*** Opening of RECORDS SHOWN ***
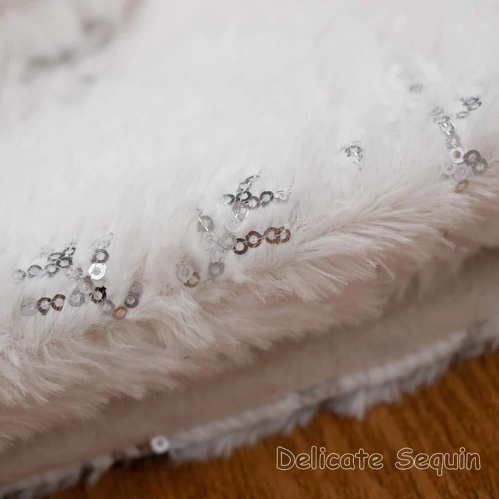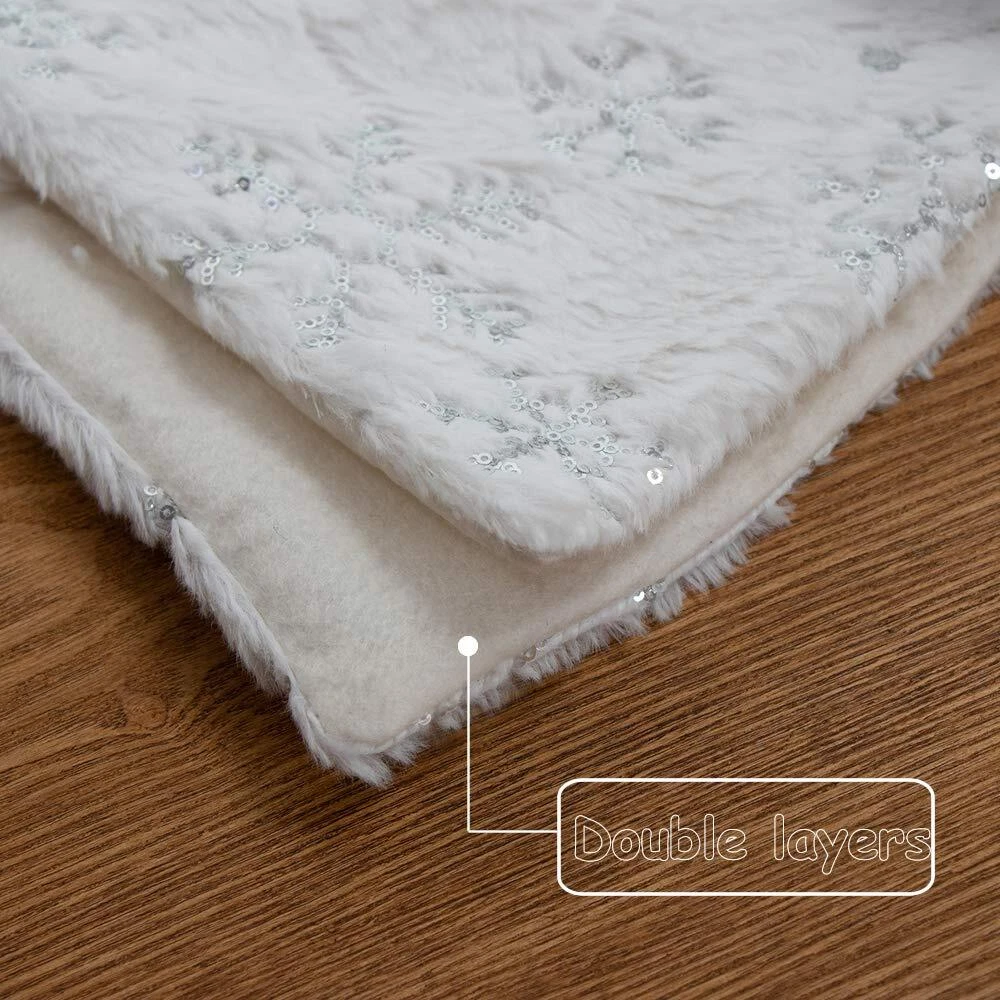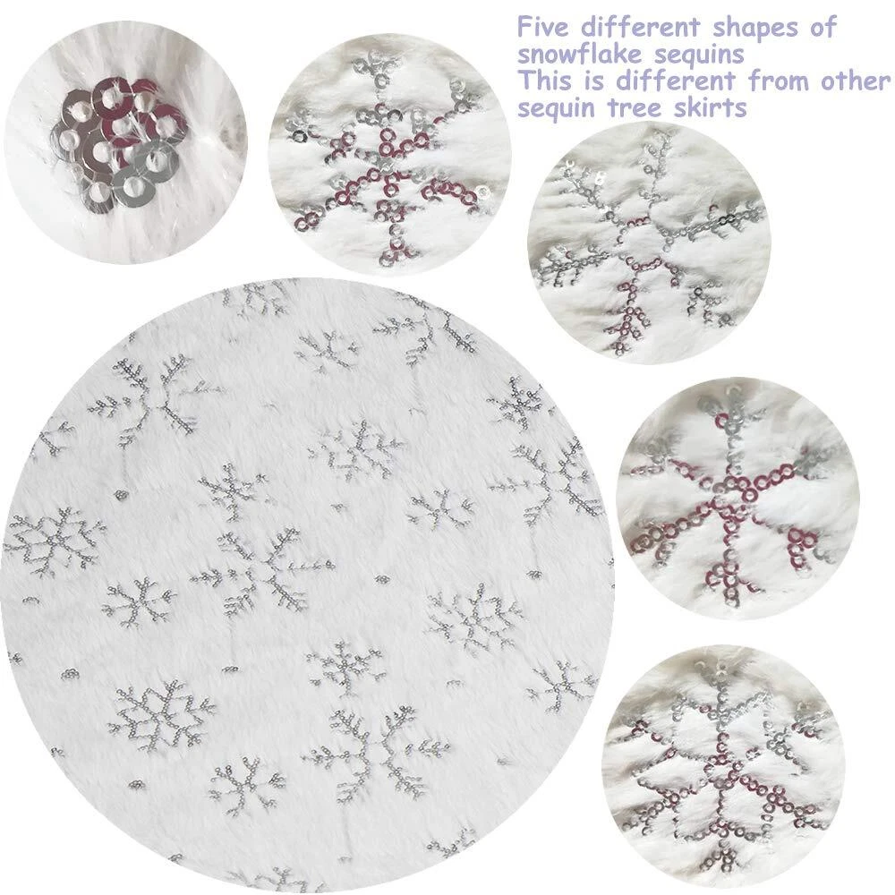 The gorgeous tree skirt is designed with a hand-made silver snowflake. No tree is complete without a beautiful tree skirt. This Christmas tree skirt fits any size tree and drapes nicely over your tree stand. This evocative tree skirt captures the of Christmas Eve. White plush and silver snowflakes form a perfect Christmas scene. The skirt creates a warm and soft feel, perfect for any cozy Christmas theme. This tree skirt features a white background accented with snowflakes of different sizes that accent the entire tree skirt. Material: Double Layers (Front is White Faux Fur; Back is Polyester) Diameter: 24 Inches; 32 Inches; 48 Inches Design: White Faux Fur Sequin Snowflakes Soft and Warm Double Layers It made with white faux fur for a warm look and feel. Double Layers. Three tapes closures round this piece out with a handy touch for keeping your tree wrapped up. This tree skirt has an allover design with sequin snowflakes adornments for an extra festive touch. Add the perfect finishing touch to your Christmas tree with this tree skirt with sequin snowflakes. Add this traditional Christmas tree skirt to your decor to add a splash of beauty to your home.Its sequin design is accented with snowflake appliques for a festive touch. Our cozy plush tree skirt is a simple and festive way to dress up a tree and protect floors from fallen needles. Bring the tasteful holiday look with this faux fur luxury christmas tree skirt. This tree skirt is jolly, merry, festive, joyful, and full of Christmas cheer. A timeless and fun design that you will cherish as part of your Christmas decorations.
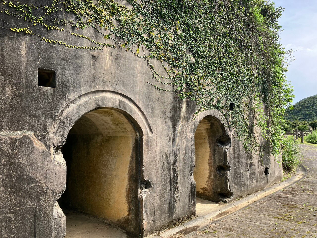 専用の駐車場とお手洗いあり。階段を登って1周すると貯水池や弾薬格納庫、防備衛所がある。弾薬格納庫と防備衛所は入口にロープが張られてて中には入れないのが残念。高台の開けた展望台スペースからの景色もよかった。
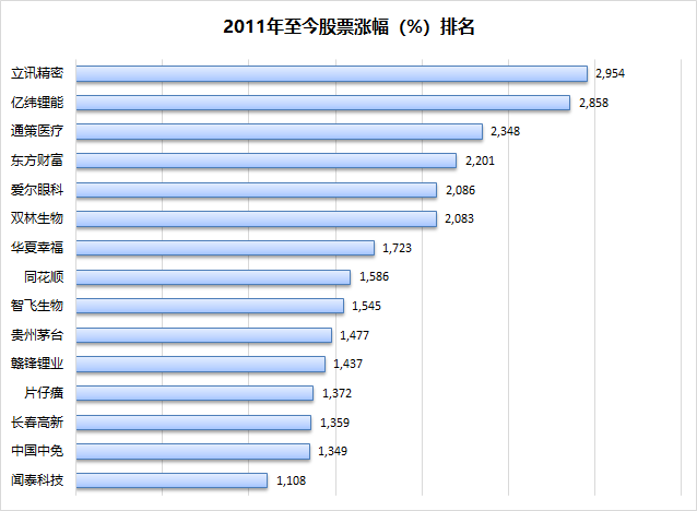 如果我们把时间拉长,剔除那些2011年以后才上市的股票,在总共1993只股票中,过去十年十倍的股票,也只有15只,这其中涨幅最大的是立讯精密,接近30倍,这就是为什么我们说,立讯精密是公募的信仰。
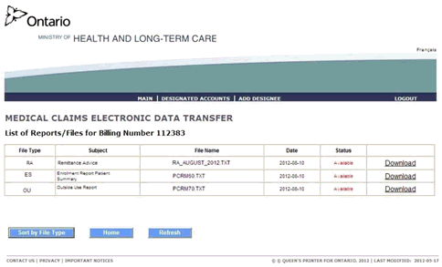 Repeat the process until you have downloaded all files with the status 'Available'. If you have more than one Provider you will click on “Select another Billing Number” to repeat the process for all of your providers.
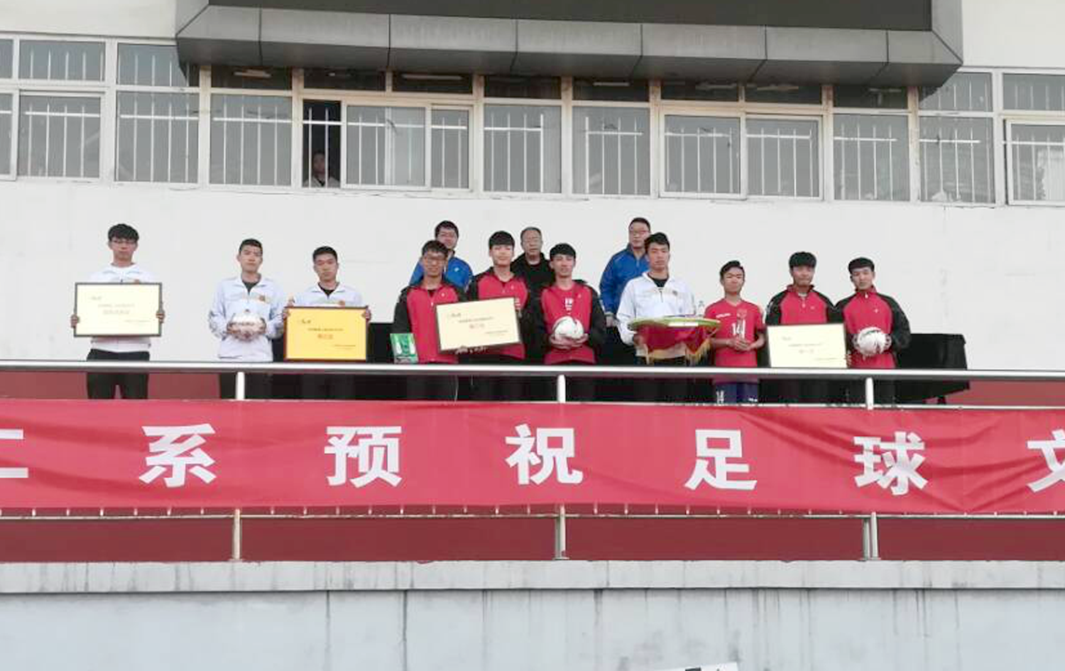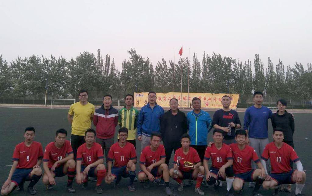 在闭幕式上,二系副主任李向前做了的总结,他对本次活动进行了全面总结点评,并对本次活动中表现出色的运动员、裁判员、学生会工作人员进行了表扬。接着我系大一大二学生进行了团体操表演——易筋经。最后我系教工队和学生冠军队(1501班)进行了一场足球对抗赛,学生冠军队以2:0的分数赢得比赛。中场休息时,由吴峰山主任、院团委副书记程祖浩、李向前副主任为本次足球文化节系列活动中获奖的班级、个人颁发了奖状、奖品,为我系足球文化节系列活动画上圆满句号。(图文/贾镟业)
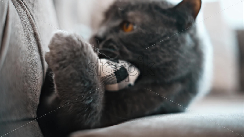 VIDEO British Shorthair cat with orange eyes lying on the couch, with a toy in it’s paws Royalty Free Stock Video Footage
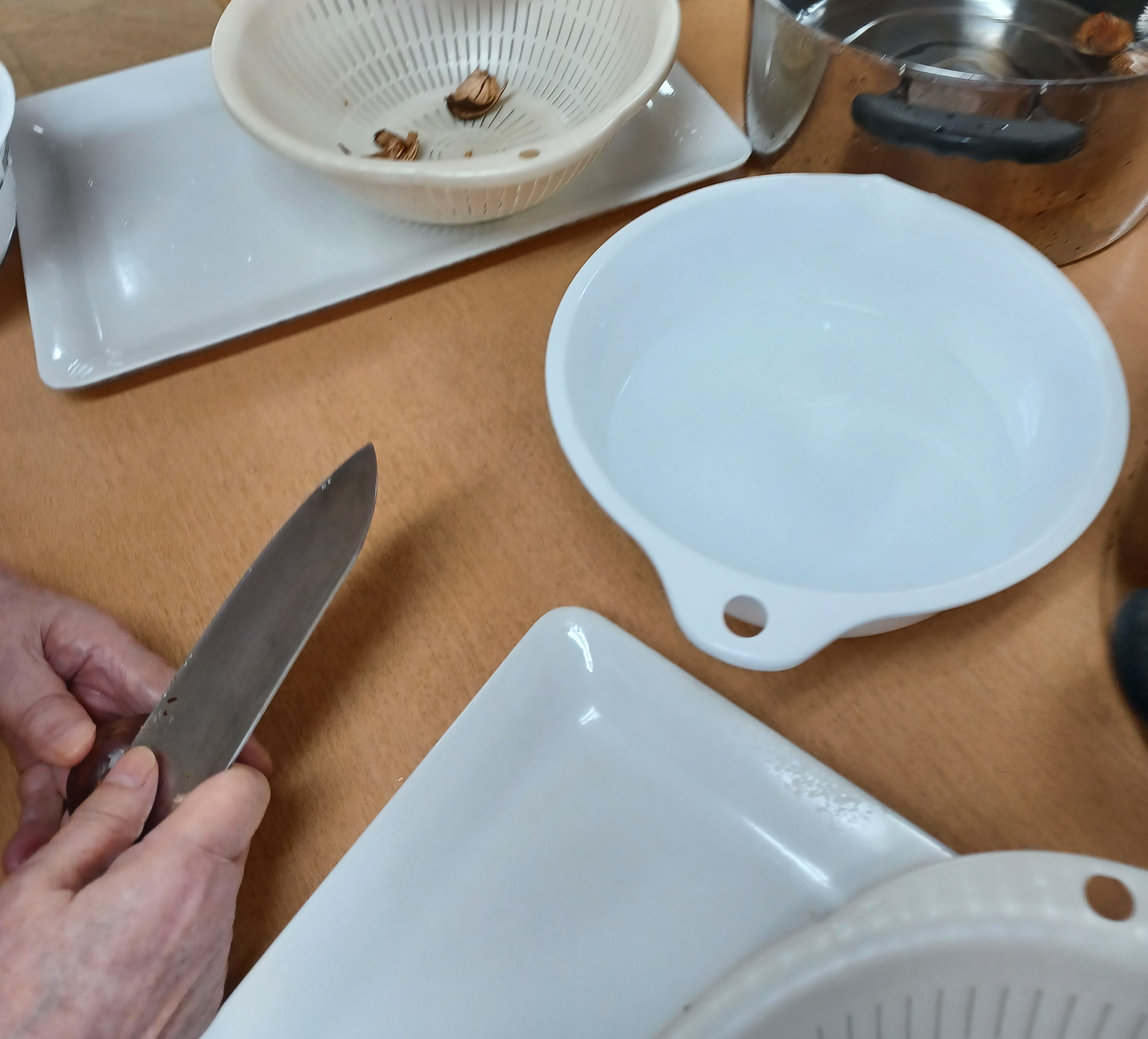重曹を使い、栗のあく抜きとシロップで煮るのは職員の方でさせて頂きました。
*** Close of RECORDS SHOWN ***
Pictures stay out. Copy exactly, and only, the lines from the one containing "VIDEO British Shorthair" through the end of the data.

# RESULT FOR THIS TASK
 VIDEO British Shorthair cat with orange eyes lying on the couch, with a toy in it’s paws Royalty Free Stock Video Footage
重曹を使い、栗のあく抜きとシロップで煮るのは職員の方でさせて頂きました。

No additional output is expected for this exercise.